──────── Information shown

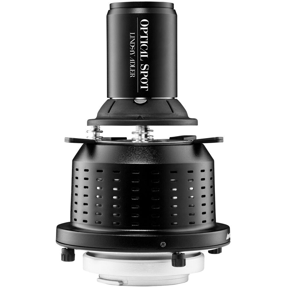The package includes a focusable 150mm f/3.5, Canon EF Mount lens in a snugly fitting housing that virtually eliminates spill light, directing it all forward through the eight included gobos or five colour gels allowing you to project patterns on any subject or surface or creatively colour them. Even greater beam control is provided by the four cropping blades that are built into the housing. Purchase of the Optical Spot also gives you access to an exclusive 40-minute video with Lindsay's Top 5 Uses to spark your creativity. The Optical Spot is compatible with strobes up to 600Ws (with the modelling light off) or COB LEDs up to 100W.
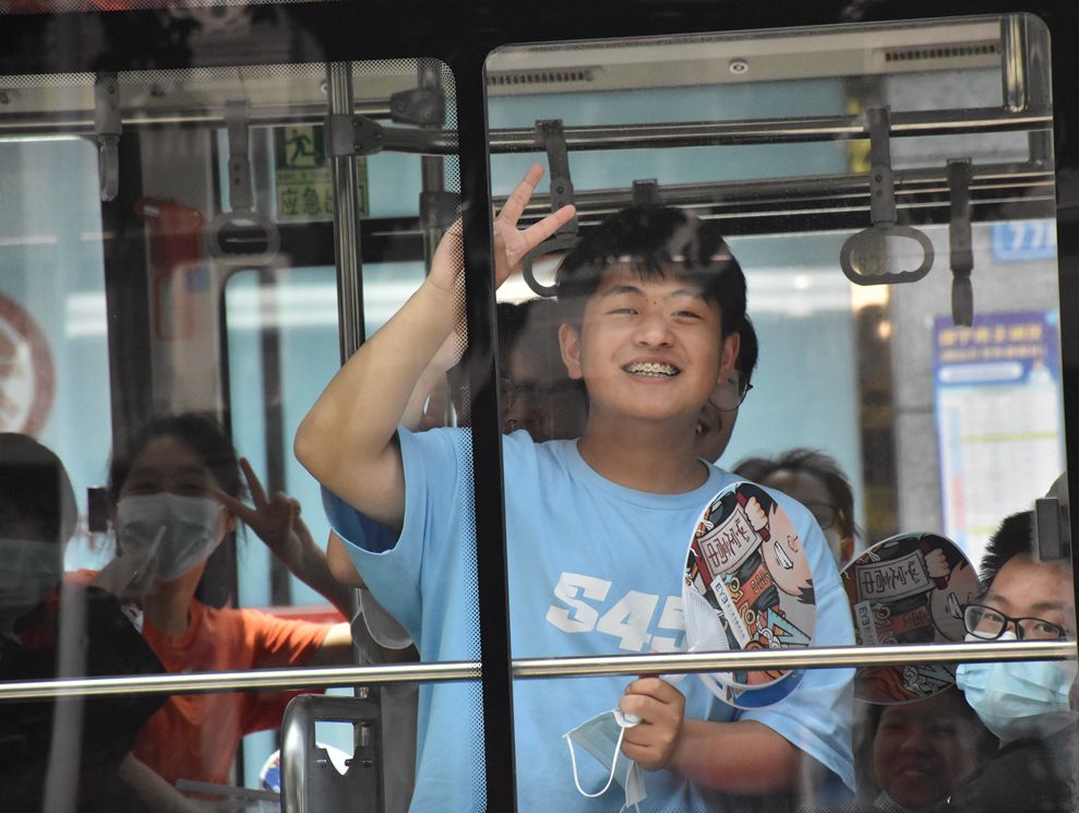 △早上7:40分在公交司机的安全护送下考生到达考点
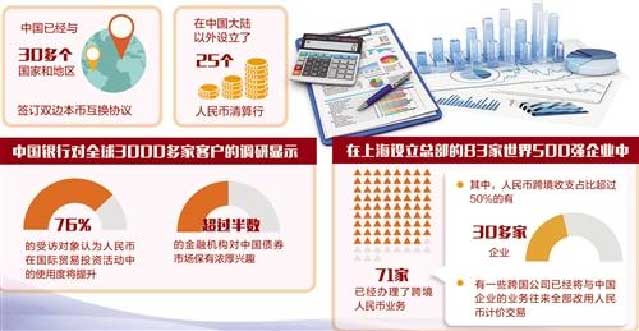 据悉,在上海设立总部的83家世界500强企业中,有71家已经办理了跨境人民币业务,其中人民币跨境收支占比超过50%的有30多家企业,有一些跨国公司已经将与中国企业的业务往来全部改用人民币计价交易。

────────────────

__What is needed__:
Write out the data word for word, with every picture dropped.

__Output below__:
The package includes a focusable 150mm f/3.5, Canon EF Mount lens in a snugly fitting housing that virtually eliminates spill light, directing it all forward through the eight included gobos or five colour gels allowing you to project patterns on any subject or surface or creatively colour them. Even greater beam control is provided by the four cropping blades that are built into the housing. Purchase of the Optical Spot also gives you access to an exclusive 40-minute video with Lindsay's Top 5 Uses to spark your creativity. The Optical Spot is compatible with strobes up to 600Ws (with the modelling light off) or COB LEDs up to 100W.
 △早上7:40分在公交司机的安全护送下考生到达考点
 据悉,在上海设立总部的83家世界500强企业中,有71家已经办理了跨境人民币业务,其中人民币跨境收支占比超过50%的有30多家企业,有一些跨国公司已经将与中国企业的业务往来全部改用人民币计价交易。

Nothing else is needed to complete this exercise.